L'attente d'une greffe pulmonaire pour Mette-Marit provoque une vague d'inscriptions de donneurs d'organes en Norvège
Près de 6 000 Norvégiens se sont inscrits comme donneurs d'organes en quelques jours après l'annonce par le palais que la princesse héritière Mette-Marit a besoin d'une greffe pulmonaire, soit un pic 30 fois supérieur aux inscriptions quotidiennes normales.
La nation se mobilise
Lorsque le palais norvégien a confirmé vendredi que la princesse héritière Mette-Marit (52 ans) avait été inscrite sur la liste d'attente de transplantation, la réaction a été immédiate. Selon Stiftelsen Organdonasjon, 2 178 personnes se sont inscrites comme donneurs d'organes ce même jour — 31 fois la moyenne quotidienne de mai. 312 autres s'étaient déjà inscrits jeudi, et dans les jours suivants, le total est monté à près de 6 000. L'application de la fondation a enregistré 3 568 utilisateurs vendredi seulement, dont 665 ont rempli une carte de donneur pour la première fois, un bond de 26 fois par rapport au rythme habituel.
Au cours des 14 années que j'ai passées à travailler pour la fondation, je n'ai jamais vu un tel intérêt pour le don d'organes.
L'état de la princesse
Mette-Marit souffre de fibrose pulmonaire, une maladie incurable dans laquelle le tissu pulmonaire se cicatrise et se raidit progressivement, réduisant l'absorption d'oxygène. Son médecin, le pneumologue Are Holm, a déclaré que sans transplantation, son espérance de vie est d'environ un an — le seuil pour être admis sur la liste d'attente. Elle utilise désormais un appareil à oxygène portable au quotidien et n'apparaît plus en public sans assistance respiratoire.
- Moyenne quotidienne de mai
- 70 inscriptions
- Jeudi (veille de l'annonce)
- 312 inscriptions
- Vendredi (jour de l'annonce)
- 2178 inscriptions
Un système fondé sur le consentement présumé
La Norvège fonctionne selon un système d'opt-out : toute personne décédée est considérée comme donneur à moins qu'elle ne s'y soit explicitement opposée de son vivant. Les proches sont toujours consultés et peuvent opposer leur veto au prélèvement d'organes. La fondation encourage les Norvégiens à documenter leurs souhaits et à informer leur famille, afin de faciliter la décision dans un moment difficile. Environ 600 patients attendent actuellement un organe en Norvège ; selon Holm, la liste d'attente pour une greffe pulmonaire est relativement courte.

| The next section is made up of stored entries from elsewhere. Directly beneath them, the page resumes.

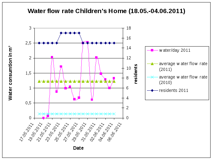 The wastewater production fluctuates significantly during the measurement period. As the water meter was installed at the overflow point of the PGF, rainwater collected in the PGF potentially changes the measured quantity. However, neither rain nor changes in the residents’ numbers explain these fluctuations. There was rainfall on May 24th and 25th, 2011 but at these days the water flow rate was low. Two additional residents have also no visible impact on the water consumption. The average of the water used every day is 1.23m3. In August 2010 an average water consumption of 0.14 m3 /day was measured. In this period, 20 to 26 persons lived in Children’s Home resulting in less water used by more people. Considering that in Germany one person uses 130 l water per day, it seems to be not realistic that 26 people in Lesotho use all together almost the same quantity. A failure in the measurements – or data recording or interpretation - of 2010 should be assumed.
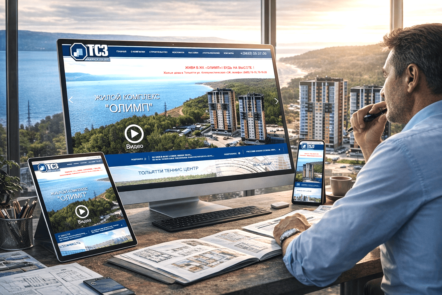 Панорамный взгляд с высоты раскрывает пространство, воздух и уверенность проекта, визуально подчеркивает масштаб застройки, усиливает ощущение надежности и статуса, формирует эмоциональное доверие и мягко подталкивает клиента к решению о покупке и общению с девелопером. Разработка сайта Тольяттистройзаказчик.рф и его раскрутка в Яндексе выполнены веб-студией РОСТСАЙТ.
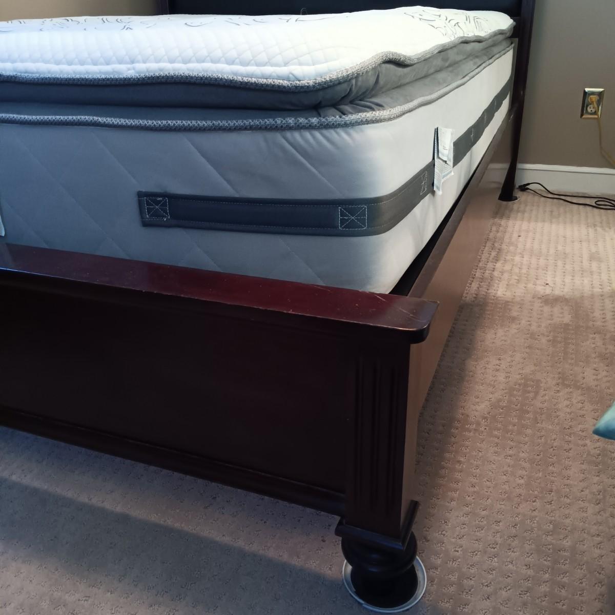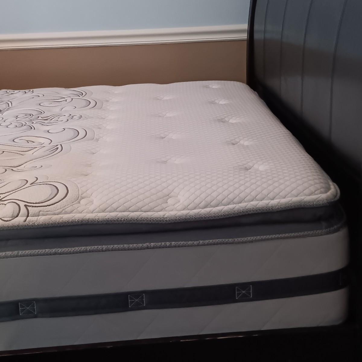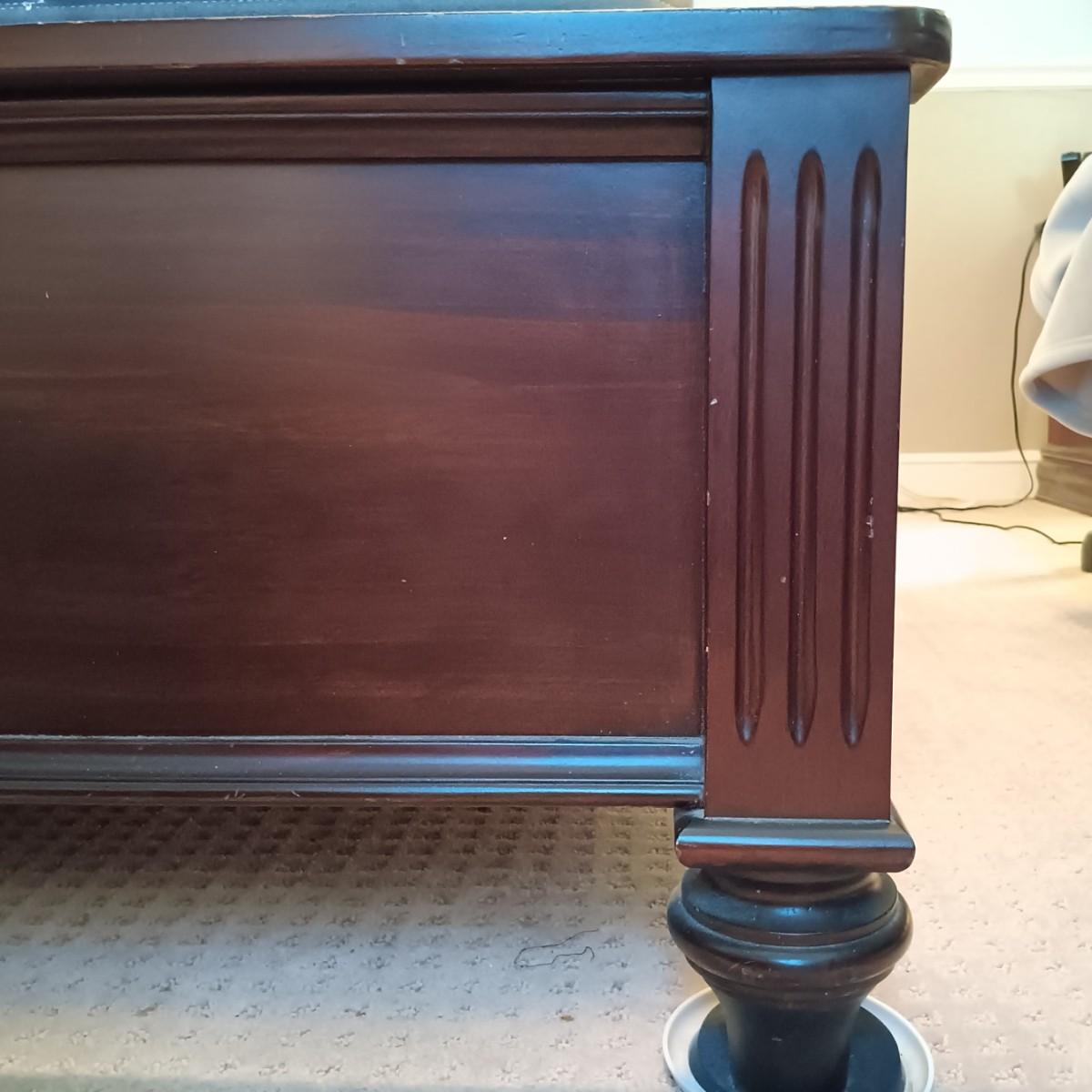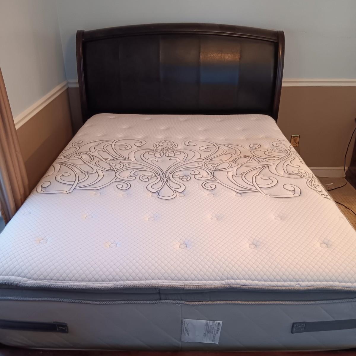 LOT 50MB: Queen Size Bed Frame with Wood and Leather Headboard
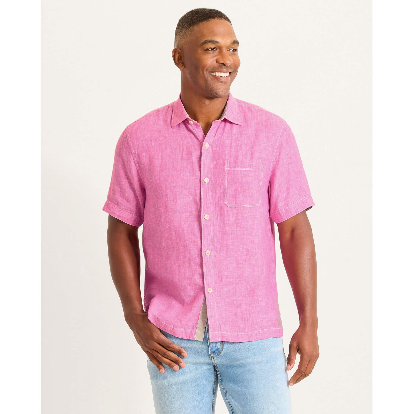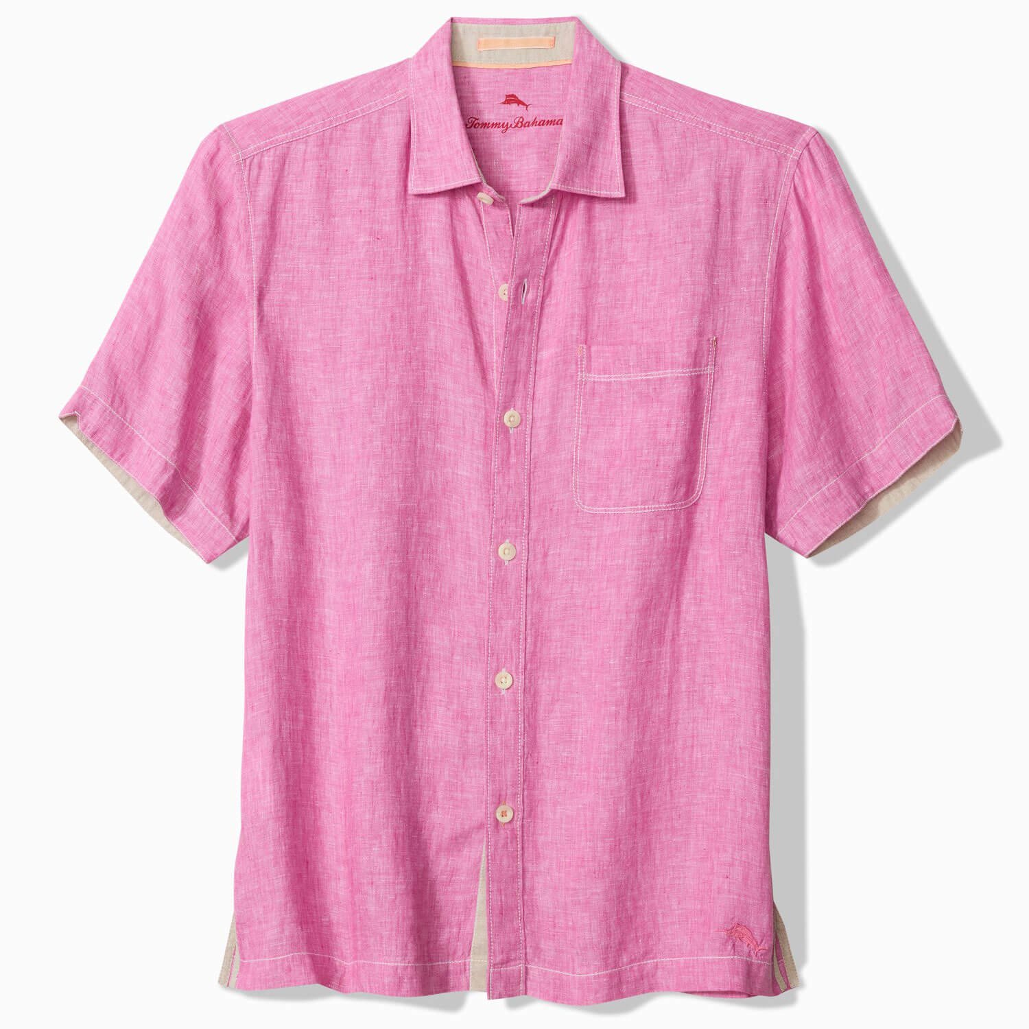 Have fun and relax on the island in this Tommy Bahama Men’s Paradise Breezer Linen Short Sleeve Camp Shirt in Pink Umbrella. This Paradise Breezer Linen Short Sleeve Camp Shirt by Tommy Bahama features yarn dyed short sleeve craig collar with rounded pocket and straight hem. This Tommy Bahama Paradise Breezer Linen Short Sleeve Camp Shirt is made of 100% Linen.
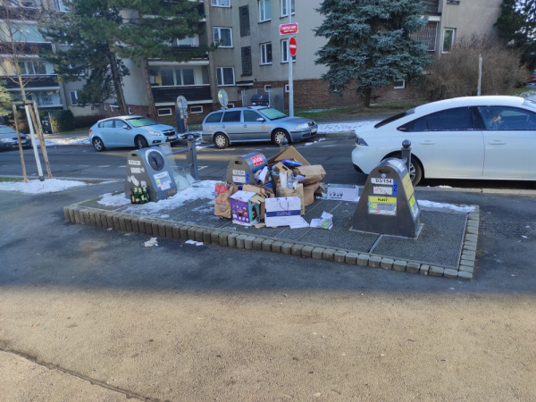 přeplněný kontejner na papír
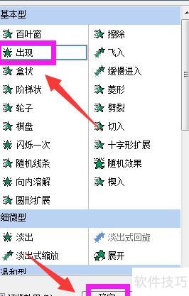 4、在添加效果窗口中选择出现,确认即可。
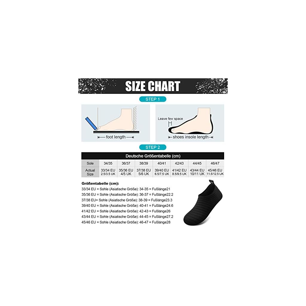 Obermaterial: Neoprene.PERFEKTES MATERIAL: 92% Polyester + 8% Elasthan. Atmungsaktive ultraleichte Stoffe mit feinem Stretch an der Oberseite, flexibel und bequem. Der glatte Hals verhindert ein Scheuern beim Tragen unserer Wasserschuhe. FUSSSICHERHEIT – Tragbare und hochwertige Gummisohle, die Ihre Füße vor Verletzungen durch scharfe Gegenstände schützt. Mit einer ergonomisch geformten, stoßdämpfenden Ausführung
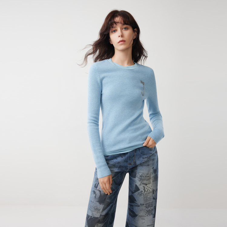 ELLE Свитер Women's Blue Crew Neck Moderate Others 5 938₽
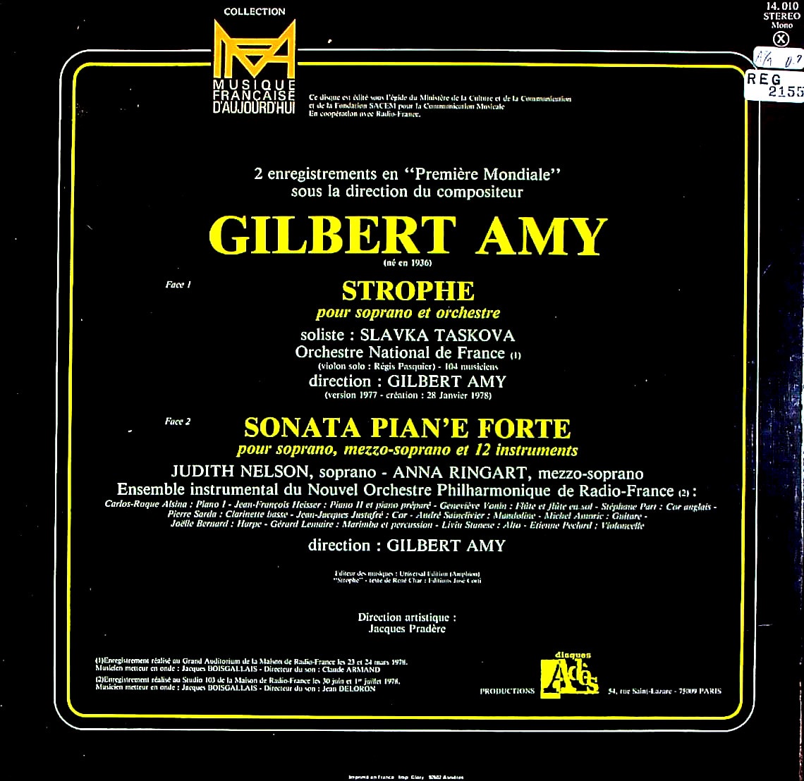 商品コード:REG-2155[仏ADÈS] G.アミ指揮フランス国立o./新フランス放送po.器楽Ens. S.タスコワ(s) 他 / アミ:STROPHE, ピアノとフォルテのソナタ
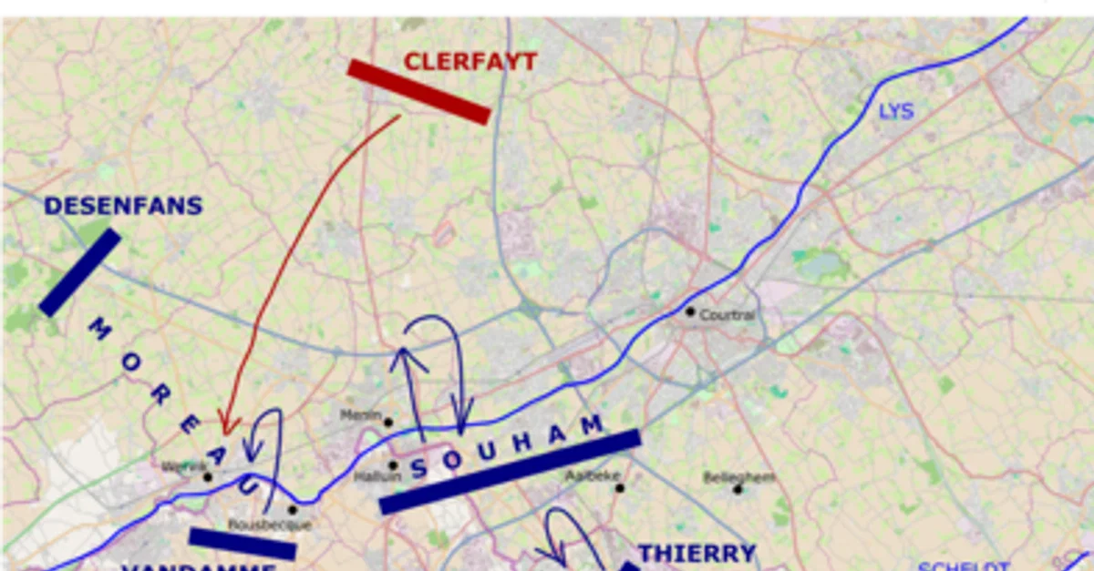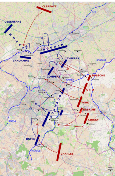 A depiction of the first day of the Battle of Tourcoing, 17 May 1794. Map by Talamioros, 2 January 2022; superimposed on OpenStreetMap.
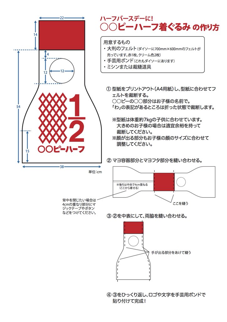 無料型紙リンク集 ハーフバースデー用のキューピーハーフ衣装の作り方。
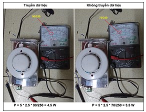 Công suất tiêu thụ của thiết bị được đo bằng cách sử dụng một đồng hồ đo điện đo dòng tiêu thụ tổng của thiết bị. Kết quả đo ở hai trạng thái, khi thiết bị đang hoạt động nhưng không gửi dữ liệu và khi thiết bị đang gửi dữ liệu về máy tính. Có thể thấy kết quả trên hình 12 và bảng 2 bên dưới.
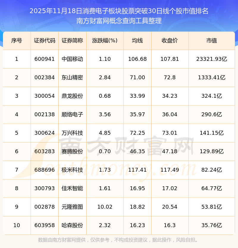 根據(jù)南方財(cái)富網(wǎng)概念查詢工具數(shù)據(jù)統(tǒng)計(jì),截止2025年11月18日收盤,消費(fèi)電子板塊股票共有10只個(gè)股收盤價(jià)向上突破了30日線。其中市值較大的個(gè)股有中國移動(dòng)、東山精密、鼎龍股份等,市值分別為23321.93億、1333.41億、324.1億。

L'ombre d'Epstein et une famille sous pression
L'opinion publique envers la princesse héritière était déjà tendue. En janvier, il a été révélé qu'elle entretenait une relation étroite avec le délinquant sexuel condamné Jeffrey Epstein et qu'elle avait menti à ce sujet publiquement. Son fils Marius Høiby doit être jugé pour une quarantaine de chefs d'accusation, dont quatre pour viol et des infractions liées à la drogue ; un verdict est attendu prochainement. Des sondages réalisés par la chaîne NRK montrent que moins des deux tiers des Norvégiens soutiennent désormais le maintien de la monarchie. Le prince héritier Haakon a écourté un voyage au Japon, et la fille du couple, la princesse Ingrid Alexandra, a interrompu ses études en Australie.
L'effet Angelina Jolie
Les commentateurs ont établi des parallèles avec « l'effet Angelina Jolie » de 2013, lorsque la divulgation par l'actrice de sa mutation du gène BRCA1 et de sa double mastectomie préventive avait provoqué une augmentation mondiale des tests génétiques et des consultations en cancérologie. En Suisse, les consultations pour le cancer du sein à l'hôpital universitaire de Berne (Inselspital) avaient doublé pour atteindre 250 par an dans les deux ans suivant la tribune de Jolie. Le pic de donneurs norvégiens suit le même schéma : une crise de santé personnelle éminente convertit l'empathie du public en actions mesurables au sein du système de santé.
Solidarité culturelle
Le monde littéraire et artistique norvégien, d'abord silencieux lorsque l'affaire Epstein a éclaté, s'est rallié à la princesse héritière. L'écrivain Tore Renberg avait déjà pris sa défense dans Aftenposten, estimant qu'il était indécent de frapper quelqu'un qui est déjà à terre. Mette-Marit est depuis longtemps une habituée des festivals et des lectures littéraires, et a même organisé un « train de la littérature » invitant des auteurs à bord. Le roi Harald, 89 ans, bien que fragile, reste la figure stabilisatrice de la monarchie, maintenant un emploi du temps chargé d'enterrements, d'annonces d'équipes pour la Coupe du monde et de visites régionales.